:: The task ::
Transcribe the listing below in full, exactly, with no images.

*** Data

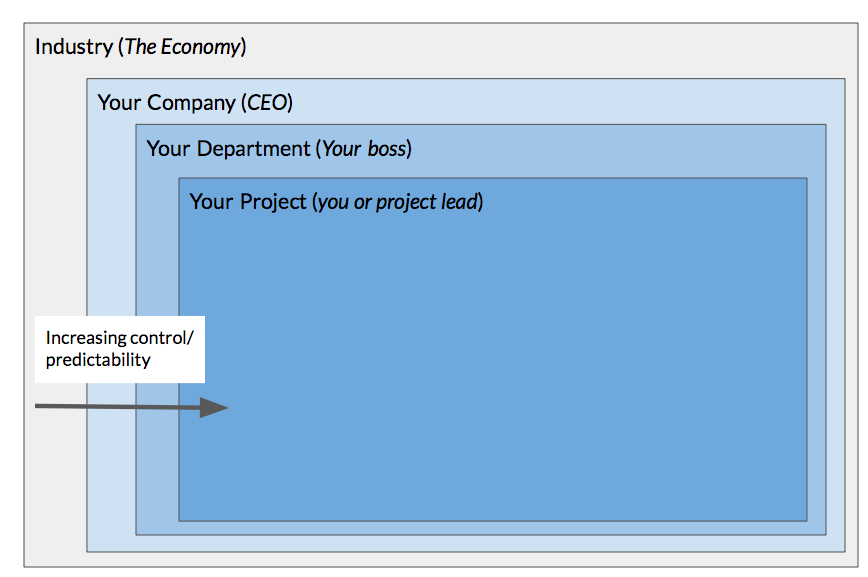 The more you go inside this nesting doll arrangement, the higher the level of control & predictability gets. In the outermost layer (“the economy”) no one really controls or can predict that, but in a hyper-local org like a project that you are working on at work, we have a great deal of control & predictability in comparison.
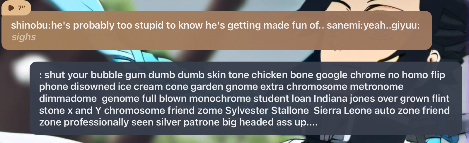 Shinobu:your useless! you can't fight, you can't think, you can't do anything! you can't even be a good hashira! (she is so mad at this point she's screaming)
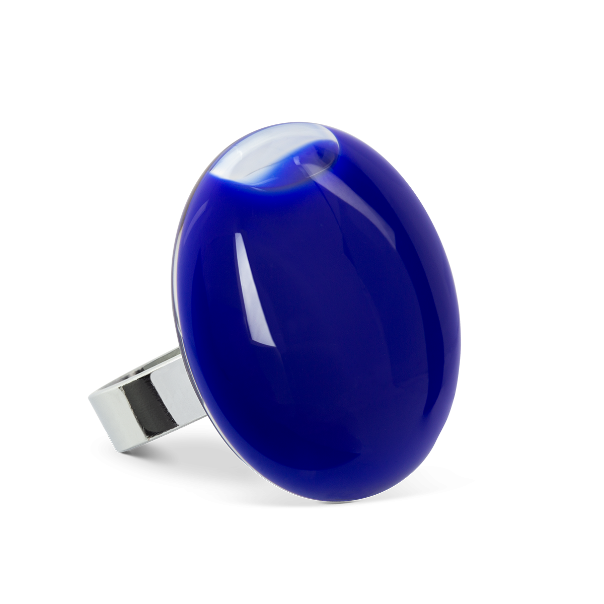 Détails : Anneaux réglables. Bijoux en verre soufflés en France. Fabrication artisanale par des souffleurs de verre.

******

:: Written response ::
 The more you go inside this nesting doll arrangement, the higher the level of control & predictability gets. In the outermost layer (“the economy”) no one really controls or can predict that, but in a hyper-local org like a project that you are working on at work, we have a great deal of control & predictability in comparison.
 Shinobu:your useless! you can't fight, you can't think, you can't do anything! you can't even be a good hashira! (she is so mad at this point she's screaming)
 Détails : Anneaux réglables. Bijoux en verre soufflés en France. Fabrication artisanale par des souffleurs de verre.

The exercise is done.